-------- Data extract --------
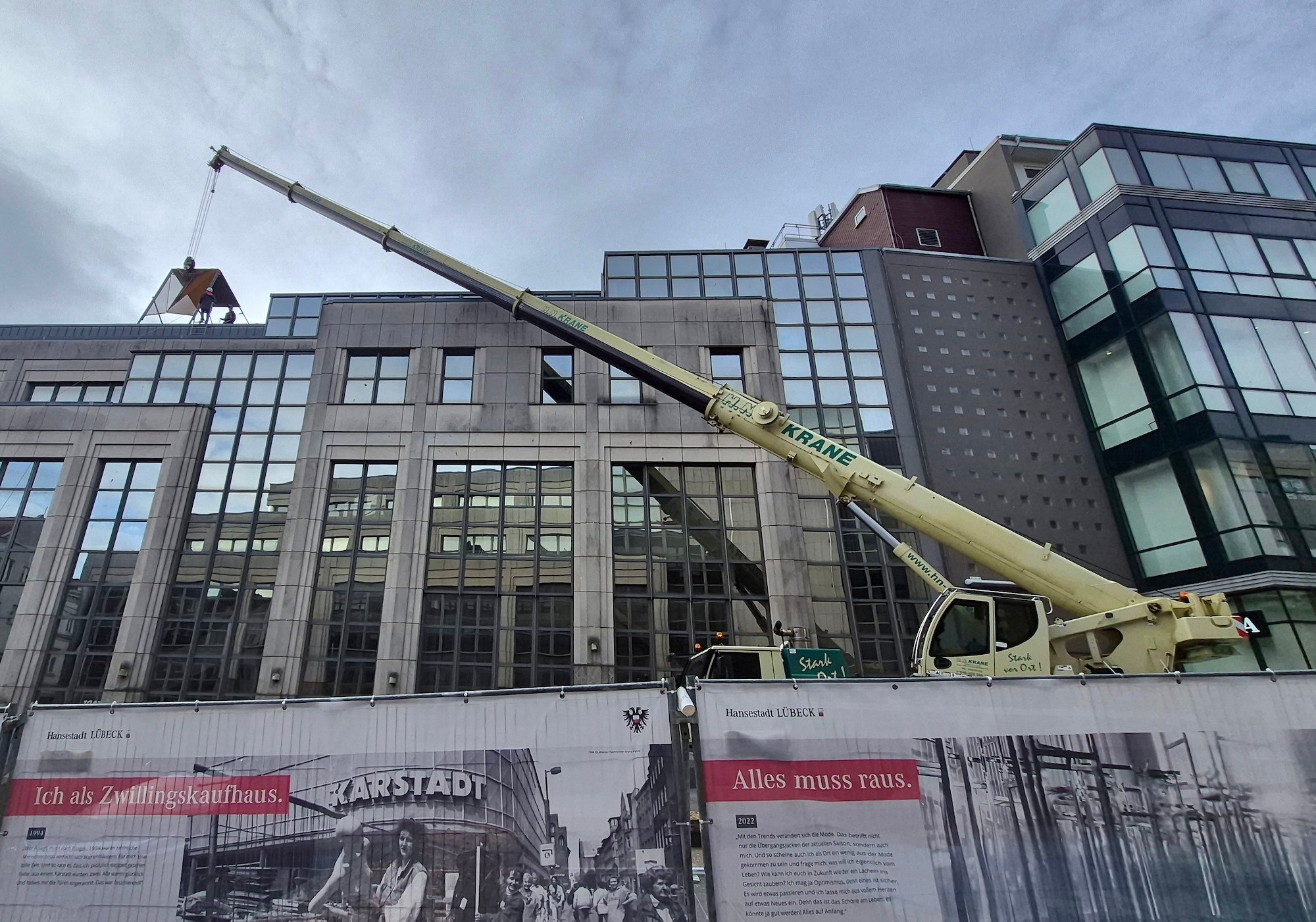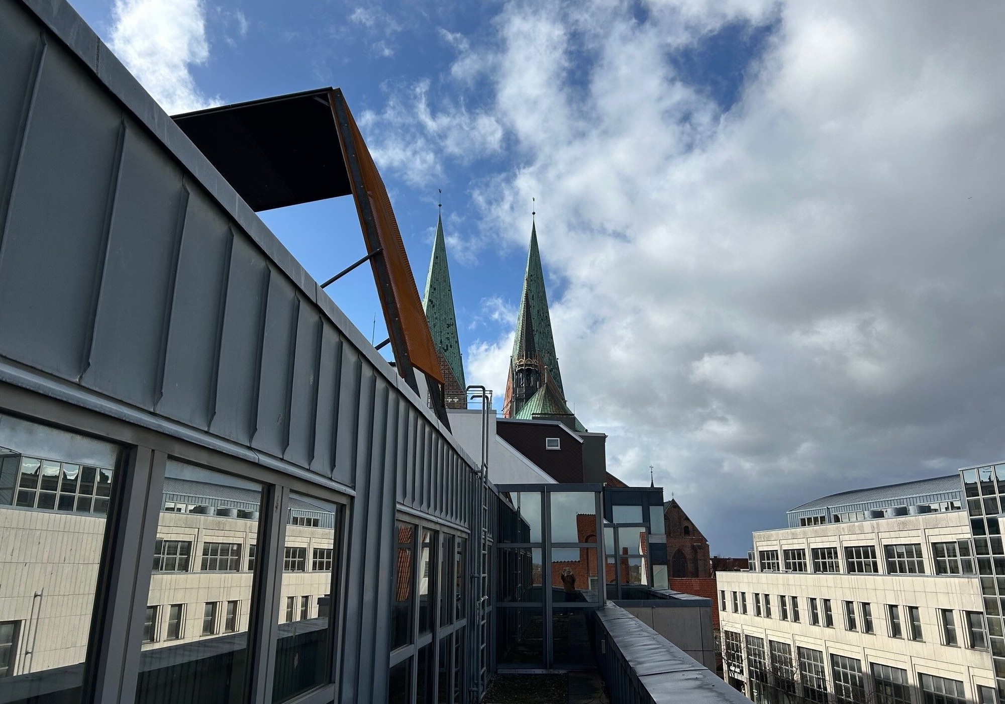 Für die zukünftige Dachgestaltung wurde eine Musterfassade der beiden neuen Obergeschosse auf dem Dach installiert. Die neuen Obergeschosse ersetzen das frühere Technikgeschoss. Die Musterfassade besteht aus Lochblech bzw. Streckmetall aus Cortenstahl.
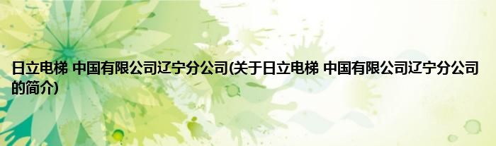 大家好,日立电梯 中国有限公司辽宁分公司,关于日立电梯 中国有限公司辽宁分公司的简介很多人还不知道,现在让我们一起来看看吧!
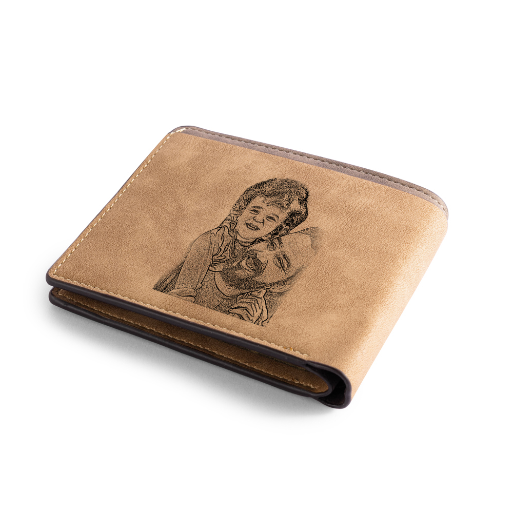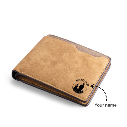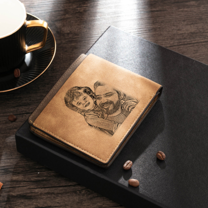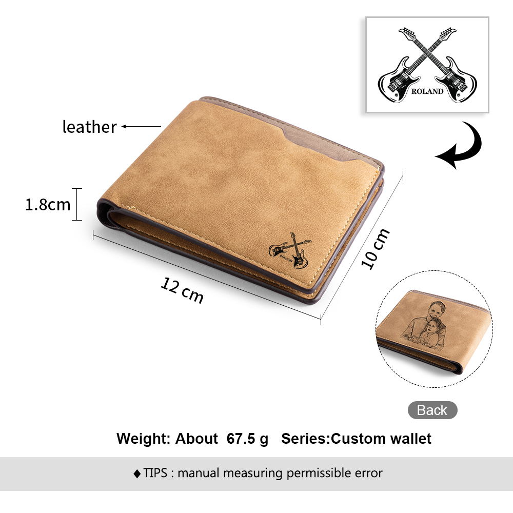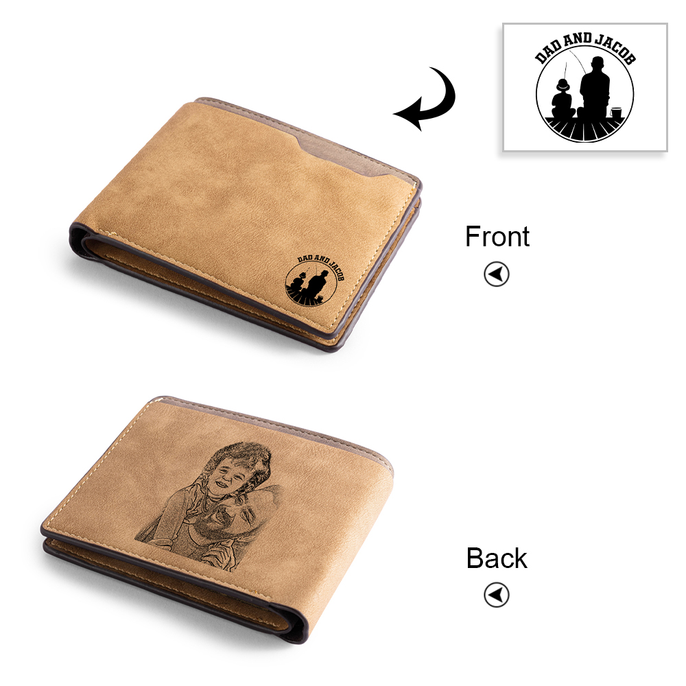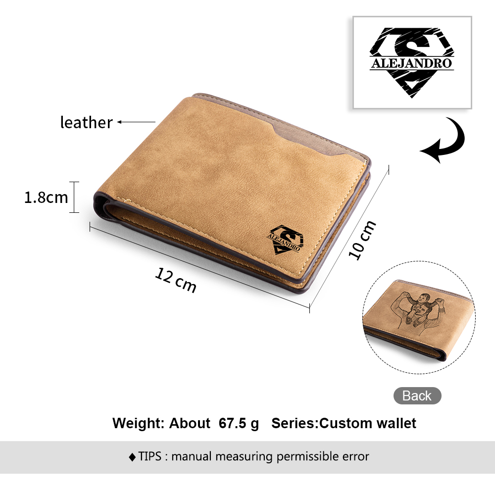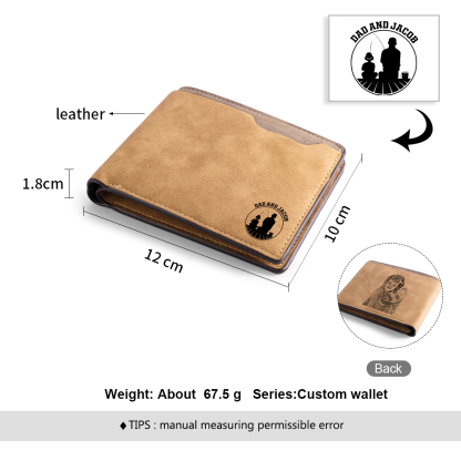 Brown Personalized Leather Wallet Engraved Photo Short Wallet Folding Wallet For Dad
--------
◆ **Directions**:
What is needed is the whole listing again, set down exactly, without its pictures.

◆ **Response to the exercise**:
 Für die zukünftige Dachgestaltung wurde eine Musterfassade der beiden neuen Obergeschosse auf dem Dach installiert. Die neuen Obergeschosse ersetzen das frühere Technikgeschoss. Die Musterfassade besteht aus Lochblech bzw. Streckmetall aus Cortenstahl.
 大家好,日立电梯 中国有限公司辽宁分公司,关于日立电梯 中国有限公司辽宁分公司的简介很多人还不知道,现在让我们一起来看看吧!
 Brown Personalized Leather Wallet Engraved Photo Short Wallet Folding Wallet For Dad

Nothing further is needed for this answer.